Mr. McGregor says, “The provisions of this law appear to me to be pretty generally put in force, for I have nowhere in Austria met with any one under thirty years of age who was not able to read and write, and I have found cheap publications, chiefly religious and moral tracts, almanacks, very much like ‘Poor Richard’s,’ containing, with tables of the month, moon’s age, sun’s rising and setting, the fasts, feasts, holidays, markets, and fairs in the Empire, and opposite to the page of each month appropriate advice relative to husbandry and rural economy, with moral sayings and suitable maxims. The spirit of elementary instruction, if not the most enlightened, inculcates at every step, morality, the advantage of a virtuous life, the evil of vice, and the misery consequent on crime.” Works of art are subjected like books to the censors, who are unremitting in the enforcement of their political, moral, and religious restrictions.
Modern Rome.
Mortification of the flesh is one of the first principles of the Romish faith, and a stranger would expect to find any laxity of morals amongst the inhabitants of the eternal city severely punished; but in point of fact prostitution is tolerated and regulated in Rome, although there does not exist any special act relating to it.

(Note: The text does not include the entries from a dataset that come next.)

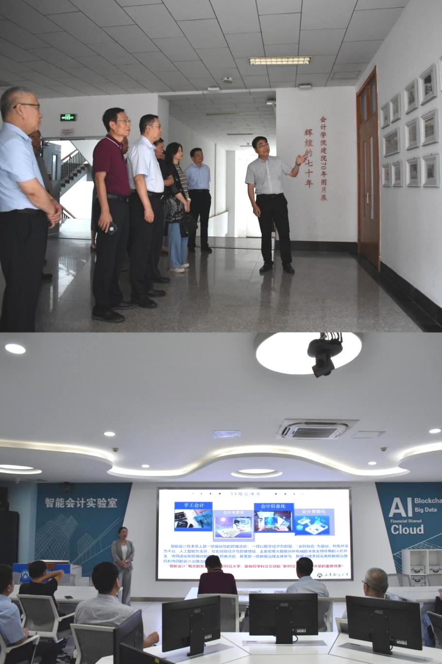 开幕式后,评估专家组现场参观了学院智能会计实验室、红色会计展(思政教育基地)、研究生教室、自习室,并给予了充分的认可和称赞。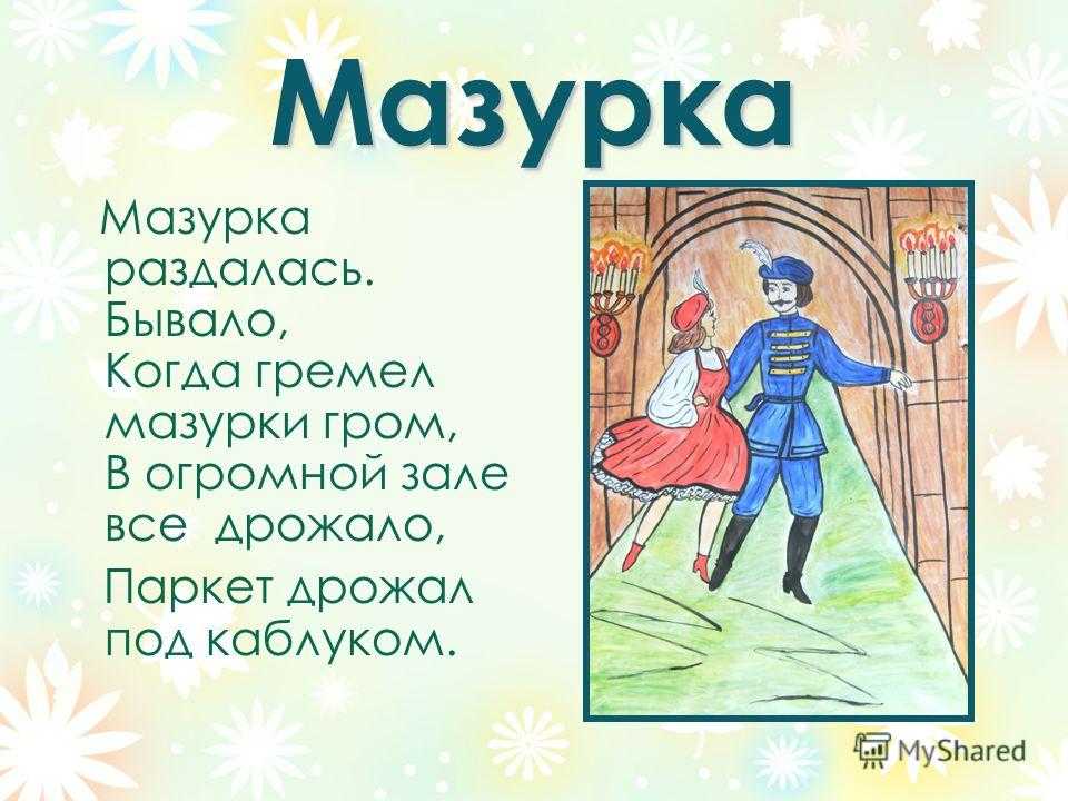 Мазурка Мазурка раздалась. Бывало, Когда гремел мазурки гром, В огромной зале все дрожало, Паркет дрожал под каблуком.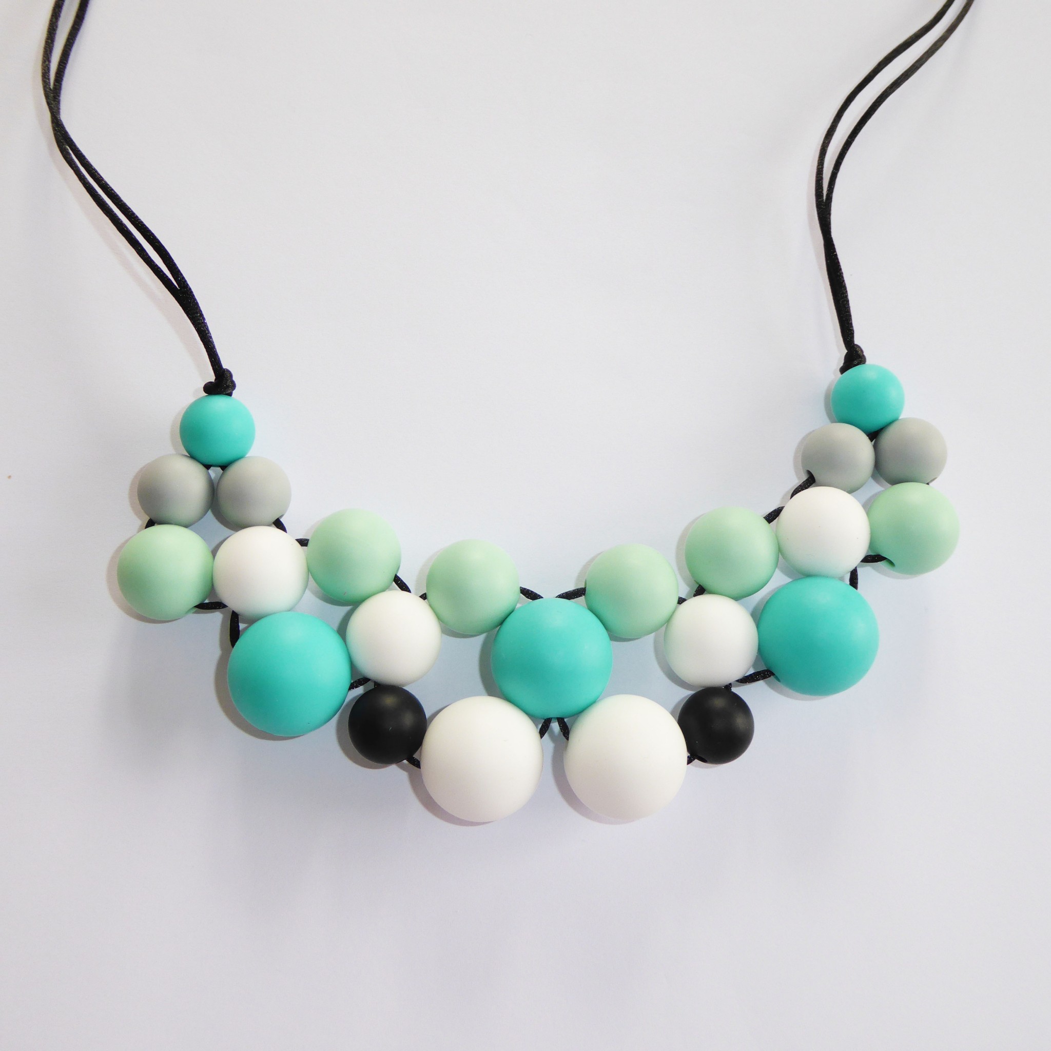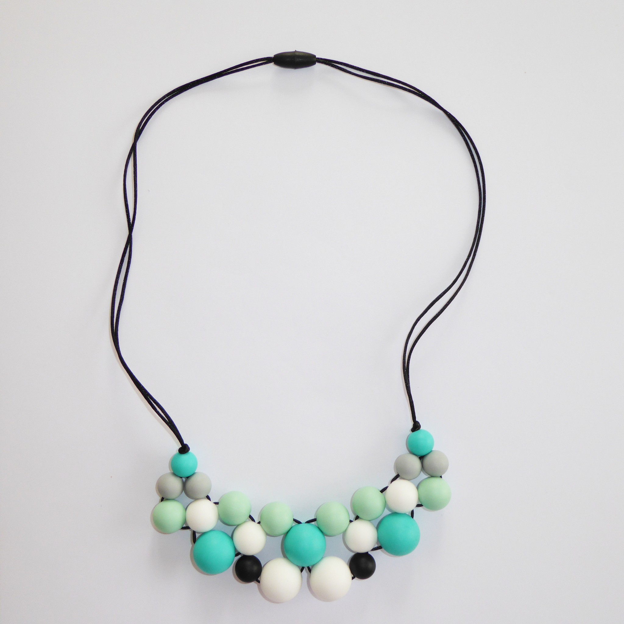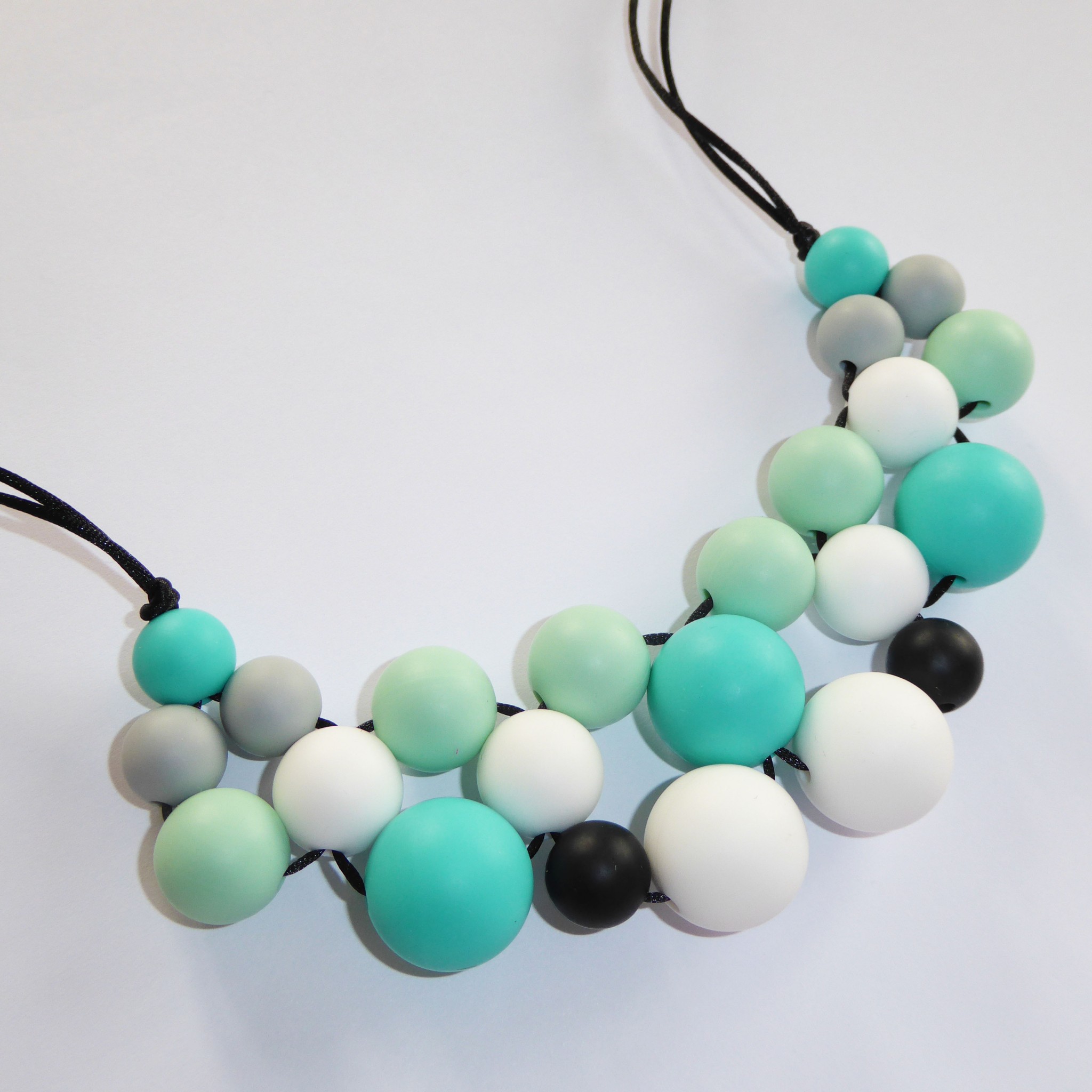 Ce collier permet des stimulations sensorielles orales, tactiles et visuelles de par ses textures, ses formes, ses couleurs.

In the Middle Ages many vices stained the fame of Rome; but it is of the present day that we are about to write. The Romish system has produced the following results, according to M. Felix Jacquot, who lived at Rome for four years on purpose to study the morality and the health of Italy.
1st. Not being able to confine prostitution to certain houses, it has spread itself among families.
2nd. Clandestine prostitution, which is most prevalent at Rome, has there produced the evils that it always engenders, houses of accommodation, seduction at home, and the extension of syphilis.
It is extremely probable that, as there are no standing regulations relative to prostitution, perhaps a sort of arbitrary power is vested in the police which opens the door to innumerable evils.
There exist at Rome five forms of clandestine prostitution: let us begin with the street walkers.
Street walker is the only name that can be given to those ignoble creatures that prostitute themselves in the evening and during the night, at the corners of the streets and in the dark angles of the public squares near the cathedral of St. Peter, and under the colonnades of Bernin, where the French soldiery are so often infected. The street walker was not much known at Rome before the revolution of 1849. She is the result of disorder, and the occupation of Rome by the French gives vitality to her existence. Some of these wretches will infect ten or even twenty men in one night, who have recourse to them to satisfy their brutal cravings and bestial desires.
We have to treat, secondly, of houses of ill-fame; but there is little to be said about them; they do not differ in any respect from those to be found in other cities. The dangers of frequenting them are precisely the same. Syphilis acquires new virulence by being fostered by the inmates, who are recruited from amongst innocent and inexperienced girls belonging to families in the city.